Sapura Energy’s RCLs to MoF a surprise move


BIMB Securities opined that the dilution impact is greater than what was thought.

PETALING JAYA: Sapura Energy Bhd’s issuance of redeemable convertible loan stocks (RCLs) to the Ministry of Finance Inc (MoF) at RM0.024 per share, or RM0.48 per consolidated share has come as a surprise.

In a report, BIMB Securities Sdn Bhd opined that the dilution impact is greater than what was thought, for the RCLs will be roughly at a 40% discount to market price.

The research house noted that management of the upstream oil and gas (O&G) contractor had stated there were two main reasons to justify the favourable pricing to the government – the need to encourage the government to fully subscribe to the RCLs and the urgent funding requirement.

“Consequently, MoF is expected to be a majority shareholder of the company with a stake of 37.7% while the multi-currency financing financiers will hold 47.2%,” the report said.

On Wednesday, Sapura Energy announced its regularisation plan to exit the Practice Note 17 status.

The plan included a number of strategies including proposed capital reduction and share consolidation of 20 shares into one consolidated share, a proposed debt restructuring to reduce its borrowings from RM10.8bil to RM5.6bil, and the proposed fund-raising from MoF amounting to RM1.1bil.

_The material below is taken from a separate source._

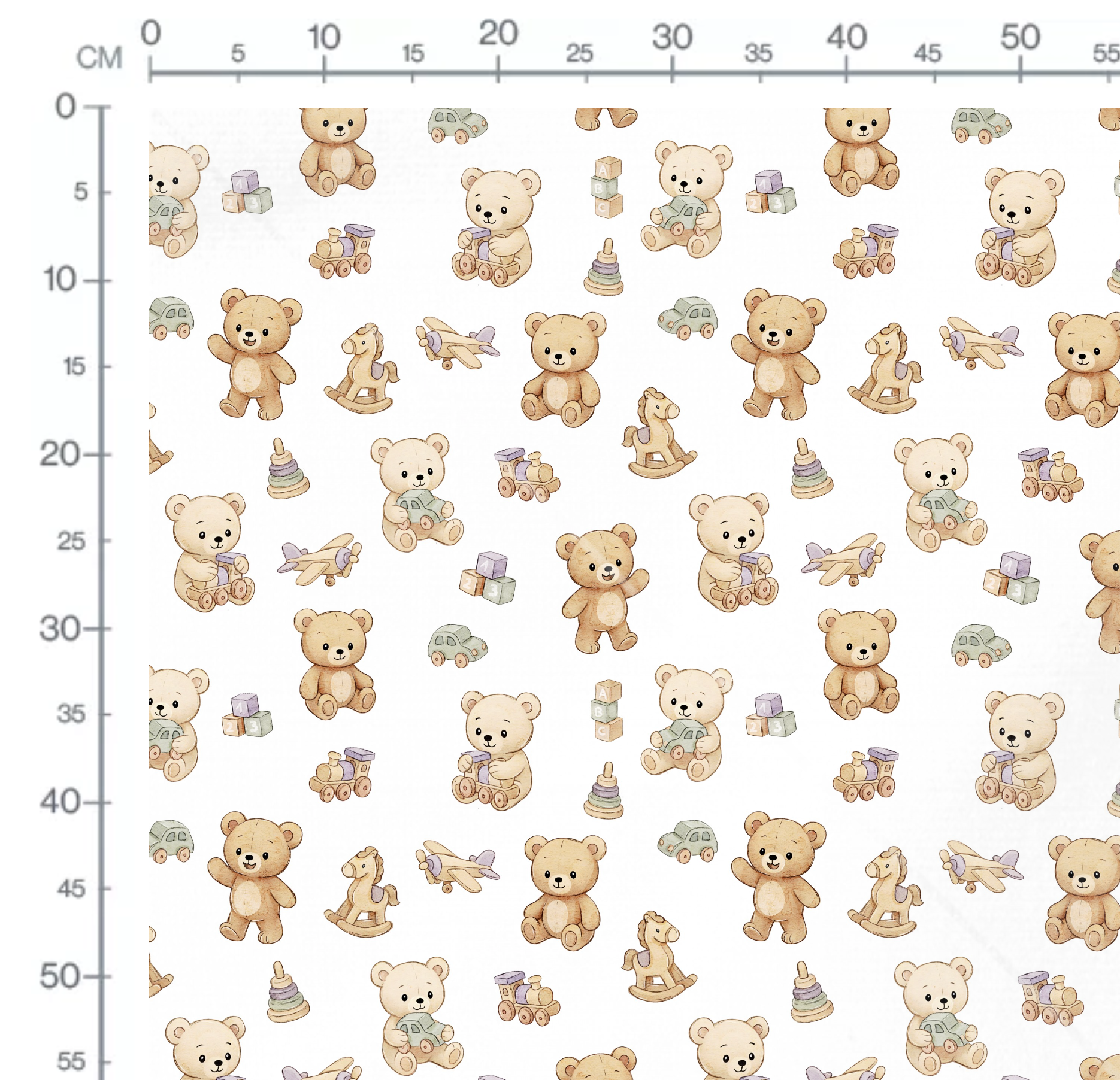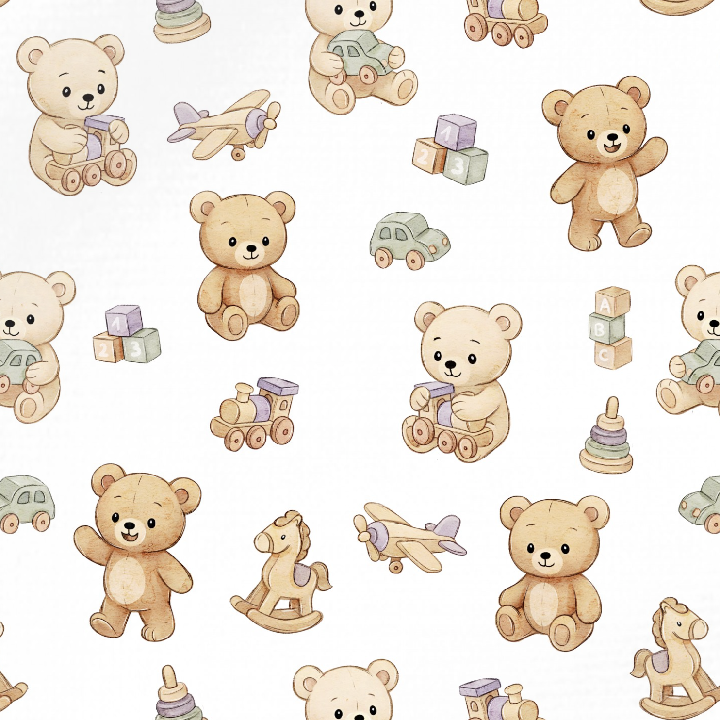 Découvrez notre magnifique imprimé Ourson Jouets En Bois Blanc, idéal pour réaliser des créations pour enfants, à la fois confortables et adorables.

The O&G contractor has also embarked on a reset plan, focused on improving bidding and project delivery capabilities.

The plan has resulted in a sustained annual revenue of RM4bil since its launch in 2022.

The research house said while there are no changes to the regularisation plan as guided by the management, the regularisation plan has provided some clarity in terms of granular details of its turnaround plan.

To recap, the shareholder’s equity position was in deficit of RM3.6bil as of January 2025.